The reply must repeat the listing below exactly and carry none of its pictures.

Provided material ::
"""

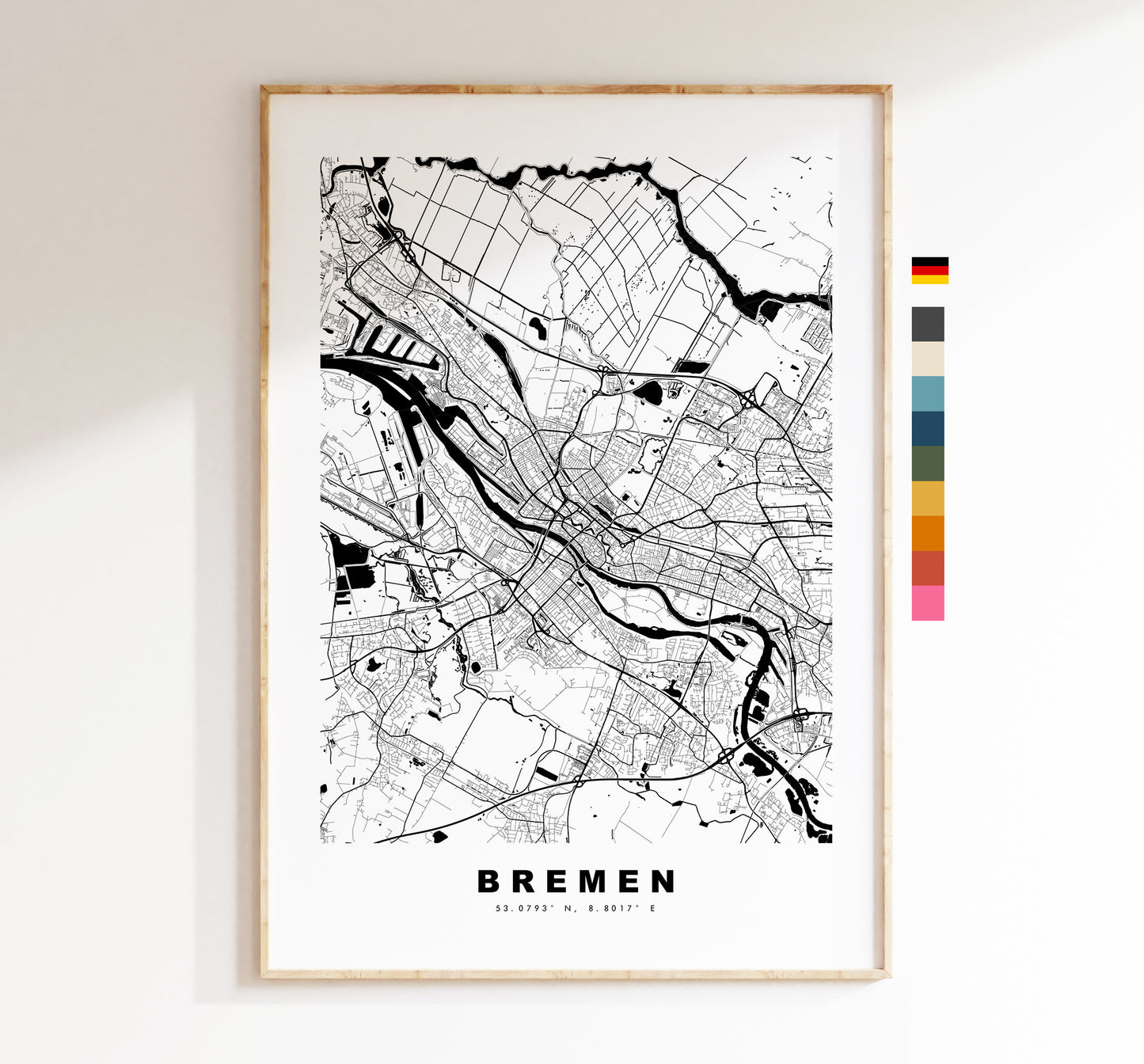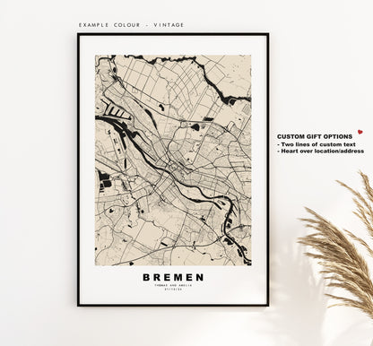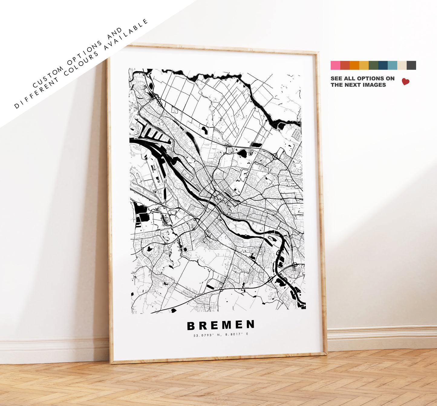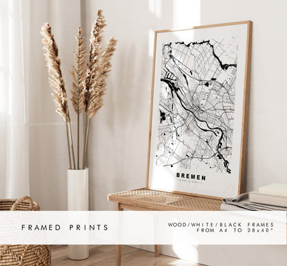 Bremen Map Print - City Map Poster - Map Wall Art - Germany City Maps - Bremen Print - Bremen Poster - Minimalist City Map - Germany
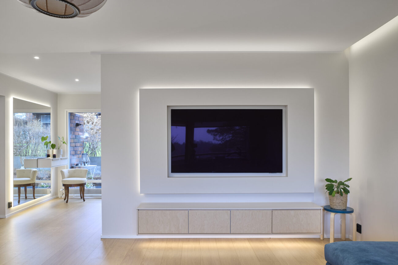 Myös tilojen roolit mietittiin tietoisesti. Isossa kodissa arki helpottuu, kun eri tilanteille on omat paikkansa: lapsille omaa tilaa, perheen yhteistä oleskelua ja lisäksi rauhallisempi olohuone vierashetkiä varten. Kun toimintoja on paljon, yhtenäinen kalustelinja ja sama ajatus säilytyksestä auttaa pitämään kokonaisuuden hallittuna.
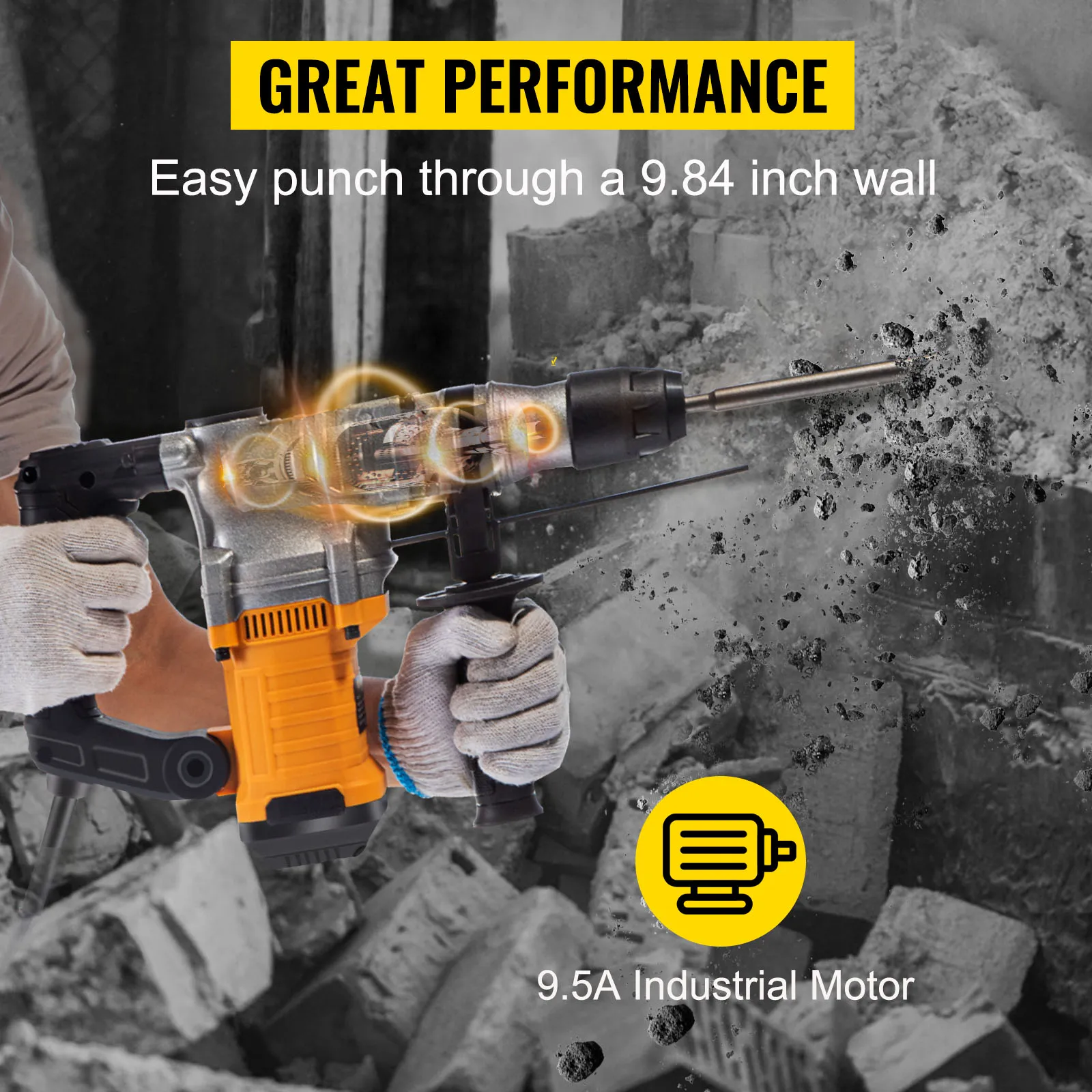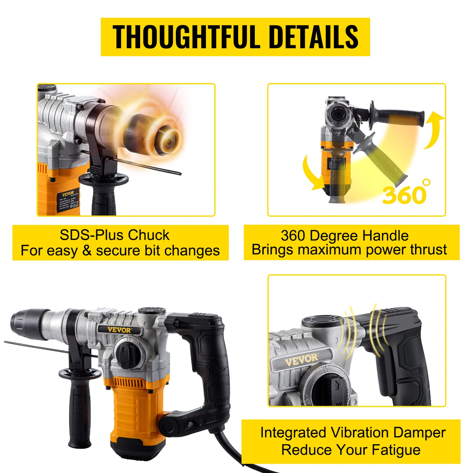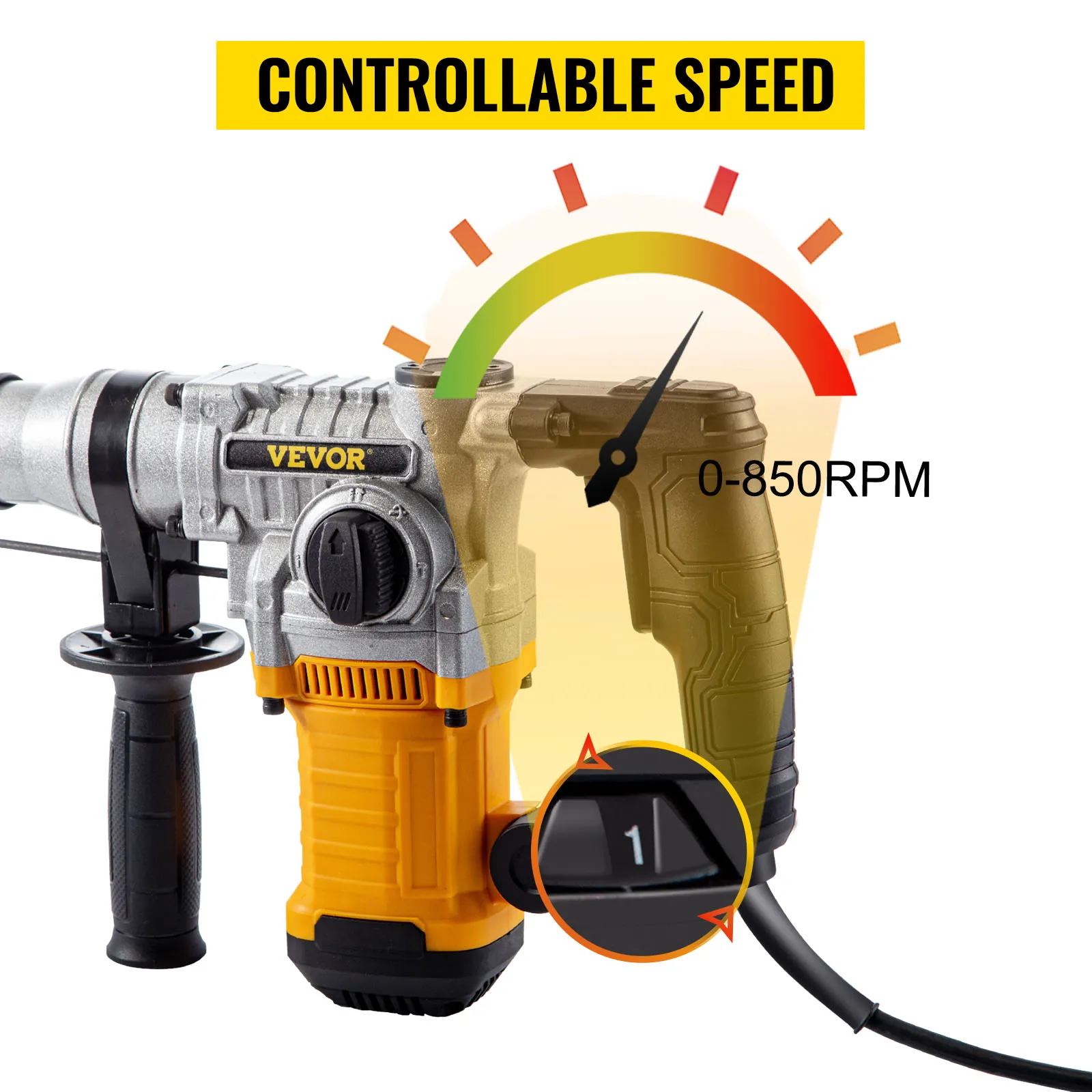 The rotary drill with a powerful 9.5 amp motor and 6.5 joules impact rate let you finish many projects on masonry, concrete, brick, stone, etc. The heat-proof copper wire motor can work for a long time without burning out the machine.

"""

Exercise result ::
 Bremen Map Print - City Map Poster - Map Wall Art - Germany City Maps - Bremen Print - Bremen Poster - Minimalist City Map - Germany
 Myös tilojen roolit mietittiin tietoisesti. Isossa kodissa arki helpottuu, kun eri tilanteille on omat paikkansa: lapsille omaa tilaa, perheen yhteistä oleskelua ja lisäksi rauhallisempi olohuone vierashetkiä varten. Kun toimintoja on paljon, yhtenäinen kalustelinja ja sama ajatus säilytyksestä auttaa pitämään kokonaisuuden hallittuna.
 The rotary drill with a powerful 9.5 amp motor and 6.5 joules impact rate let you finish many projects on masonry, concrete, brick, stone, etc. The heat-proof copper wire motor can work for a long time without burning out the machine.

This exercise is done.